As well as your professional credibility as a coach, learning as much as you can about your leader before you meet them shows them you take your coaching clients seriously. This sounds obvious, but I’m still surprised at the number of coaches who pay scant attention to this step. “I don’t do any preparation as I don’t want to pre-judge the person,” a coach once told me. I know of at least one contract she lost because the managing director she met thought her unworthy of working with. She knew little about his company and even less about him. One or two conversations and a search online might have produced a different outcome. Study the organisation’s website to understand their business niche, approach and successes. Many display profiles of their leaders. Some even give contact details. Recently I was researching a financial software company. The CEO’s email address was on the website, so I sent him a brief hello. This led to a friendly phone conversation. No immediate business resulted, but our relationship is now established. One thing he did say was how few approaches he gets directly in this way. The fact I’d bothered to look and contact him, as a result, was unusual and welcome (why would he have his email in a public domain if he didn’t want people to reach out?).
Speaking to people who know and work with your leader is also very useful. I find a simple, open and honest approach works best, something like, “X and I are meeting soon to see if there’s value in working together. What could you tell me that might be helpful?” Sometimes I’ll ask a more specific question such as, “What strengths do they bring to the business?” or “What are some of the qualities you admire in them?” Don’t ask about failings or shortcomings. You can guarantee this conversation will get back to your leader at lightning speed. You don’t want your motives to be questioned. Keep it positive and respectful.
You need to convince your leader that you believe in the value of what you’re doing. If there’s any doubt, you can forget continuing to work with them. Remove the risk of coming across as hesitant or tentative by having a clear coaching pathway to travel along. Point out the reason for and the value of each step, and include a couple of real-life vignettes to illustrate. When I met the no-nonsense MD of a business consultancy, “Convince me this will work,” was one of the first things he said. I showed him a simple one-pager entitled, ‘Your Exit Strategy In Four Steps’. On the page were four key questions for him to wrestle with. All of his answers related to his achieving retirement as soon as possible. My research had revealed this as his key goal. I explained each step simply and clearly, and emphasised the thinking effort and committed action he would need to bring to make our coaching relationship worthwhile. “OK,” was all he said and we started right away. He retired within five years of the conversation.
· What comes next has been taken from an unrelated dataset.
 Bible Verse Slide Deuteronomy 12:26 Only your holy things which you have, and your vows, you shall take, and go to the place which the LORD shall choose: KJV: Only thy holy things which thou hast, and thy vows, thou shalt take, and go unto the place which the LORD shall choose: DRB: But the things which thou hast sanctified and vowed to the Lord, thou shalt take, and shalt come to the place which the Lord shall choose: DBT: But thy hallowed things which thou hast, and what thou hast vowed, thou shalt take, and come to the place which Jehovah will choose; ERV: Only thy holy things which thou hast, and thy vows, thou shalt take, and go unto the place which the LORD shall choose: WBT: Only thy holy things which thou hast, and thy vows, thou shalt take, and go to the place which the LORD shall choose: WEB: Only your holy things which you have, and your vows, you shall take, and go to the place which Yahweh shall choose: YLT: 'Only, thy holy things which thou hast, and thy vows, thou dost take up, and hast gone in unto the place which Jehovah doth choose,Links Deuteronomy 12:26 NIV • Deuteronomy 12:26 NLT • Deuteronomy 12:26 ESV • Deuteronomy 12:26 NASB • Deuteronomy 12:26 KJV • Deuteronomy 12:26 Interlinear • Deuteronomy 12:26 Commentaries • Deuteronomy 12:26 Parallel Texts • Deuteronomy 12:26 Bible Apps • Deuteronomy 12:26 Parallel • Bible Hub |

Giving your leaders an easy ride is not helpful to their development. They welcome and rise to challenge, and they will want it from you. I adopt an assertive coaching approach with business leaders. As long as that does not stray into rudeness or insult, often they find somebody standing up to them refreshing. Pick your battles, however. Nit-picking is just annoying. Put your foot down on the big stuff, the thinking, assumptions, opinions and judgements that could sabotage your leader’s progress. During one of my last coaching sessions before writing this piece, I interrupted my coachee. “You are blaming someone else for what is your responsibility,” I stated. He was taken aback and a bit annoyed by this. I explained that three times he had told me of the importance of a key deliverable’s success, each time adding that he had little faith in one of his manager’s ability to play their part. The message I got was, “I’m just waiting for things to fail so I can justify my opinion of the guy.” When I said that to him, he became silent, looked at the floor and then reluctantly agreed. It was a breakthrough which allowed us to move towards how he could support that manager more strongly.
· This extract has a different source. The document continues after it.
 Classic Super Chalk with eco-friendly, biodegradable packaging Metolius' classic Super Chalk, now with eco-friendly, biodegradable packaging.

Coaching leaders is a great test of your own leadership in action. People like people who are like themselves. When your leader coachees experience qualities in you they can relate to, admire or to which they want to aspire; they will have a natural tendency to connect with you. How you coach them, therefore, is arguably just as important as what you coach them on. By building your credibility, displaying confidence in your coaching and not holding back with a helpful challenge, your leader will be even more minded to take you seriously as a valuable asset on their leadership journey.